Each index corresponds to an index file. MSSQL’s index file storage structure is B+ tree.

Why to use this structure, we need to start from the evolution of the data structure of B+ tree, binary search tree — balanced binary tree — B tree — B+ tree

2.1 Balanced binary tree

Balanced binary tree is a data structure based on dichotomy strategy to improve the search speed of data.

The figure above shows a simple binary tree simulation, with each node having the following characteristics:

Each node has a maximum of two subtrees (tree branches)
The left and right subtrees are ordered, and the value on the right of adjacent nodes in the same hierarchy is larger than that on the left.
Even if a node has only one subtree, distinguish between the left and right subtrees.

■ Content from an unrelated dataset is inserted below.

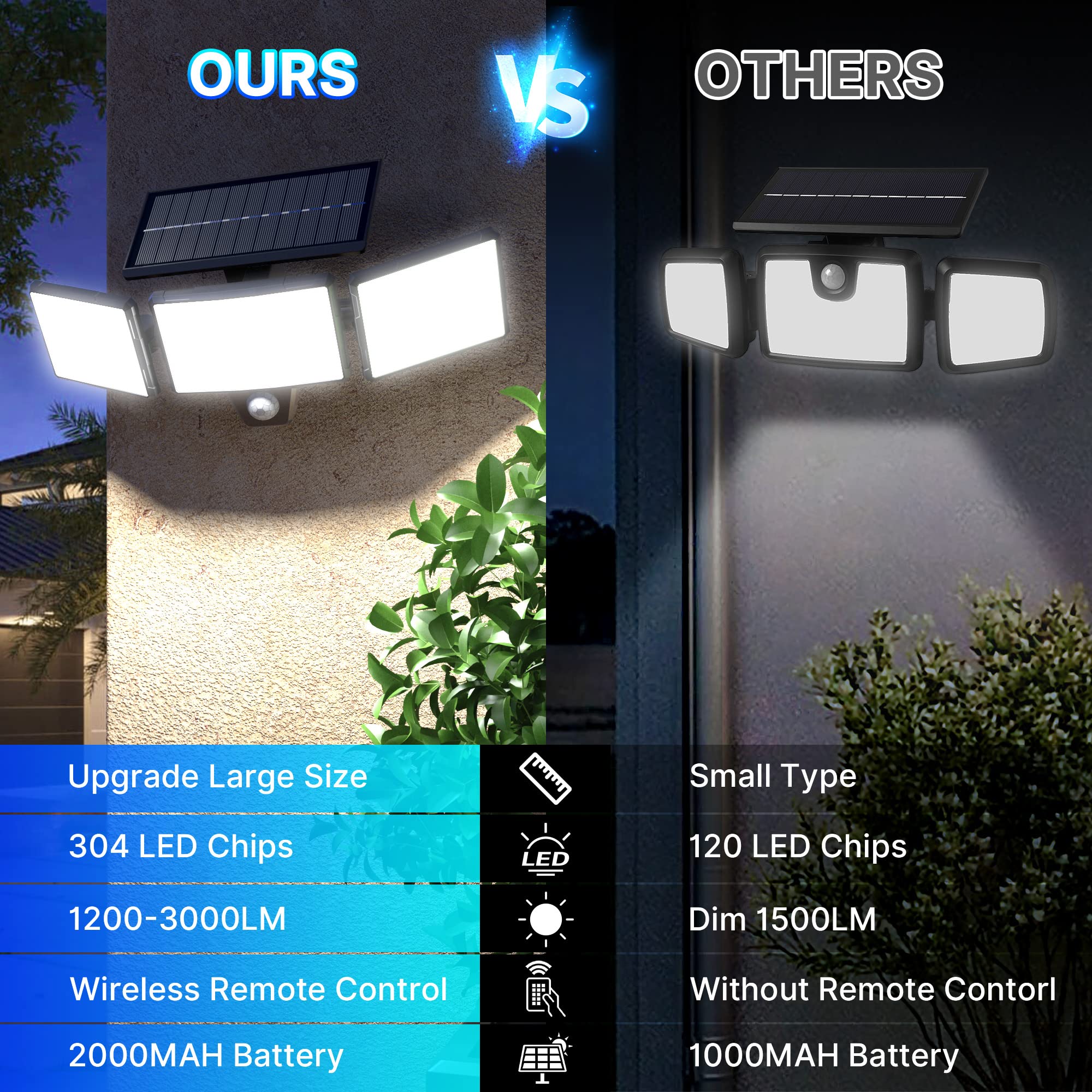 Avec la puissance colossale que le panneau absorbe du soleil, la LED 180 SMD peut fournir suffisamment sa super luminosité de 6500 K pendant environ 12 heures. Trois modes d'éclairage : en appuyant brièvement sur le bouton ON/OFF, vous pouvez changer le mode des projecteurs à énergie solaire. Jusqu'à 270 ° de large angle d'éclairage et 400 m², les lampes solaires LED peuvent répondre à vos différents besoins pour le jardin, la terrasse, les escaliers, la porte d'entrée, la cour, etc. Adaptée à une utilisation en extérieur, elle résiste à la pluie, à la neige, au gel, etc. Installation facile : Ce kit d'éclairage extérieur contient les accessoires nécessaires pour une installation et une mise en service rapides Resistant et application toutes saisons] Notre lumière solaire extérieure est fabriquée en matériau ABS PC à haute résistance, étanche IP65, avec résistance... Projecteur Solaire Exterieur Lot De 2 Lampes Solaires D'extérieur 100 LED, étanches IP65 | Leroy Merlin Spot Solaire Exterieur Design réglable à 3 têtes pour éclairer une zone plus large : avec le design innovant à trois têtes et grand angle, les têtes peuvent être ajustées vers le haut, vers le bas et horizontalement. Lampes solaires extérieures étanches de 4 500 LM, France Installation facile : les lampes solaires LED d'extérieur peuvent facilement être montées au mur avec les vis dans la boîte. Le design étanche IP65 permet aux lumières de sécurité extérieures de fonctionner parfaitement même par temps de tempête. Aucun fil ou adaptateur n'est nécessaire.

Balanced binary tree Based on dichotomy strategy, balanced binary tree query performance is inversely proportional to the tree level (H height). The higher the tree structure level, the more search times, the more DISK I/O times, and the slower the query efficiency.

Assuming that there are 100 values to be stored, a balanced binary tree with 100 nodes and 6 levels of tree height is produced. If there is a way for a node to store more than one element (value), you can reduce the number of nodes in the tree, thereby reducing the overall level of the tree, hence the b-tree.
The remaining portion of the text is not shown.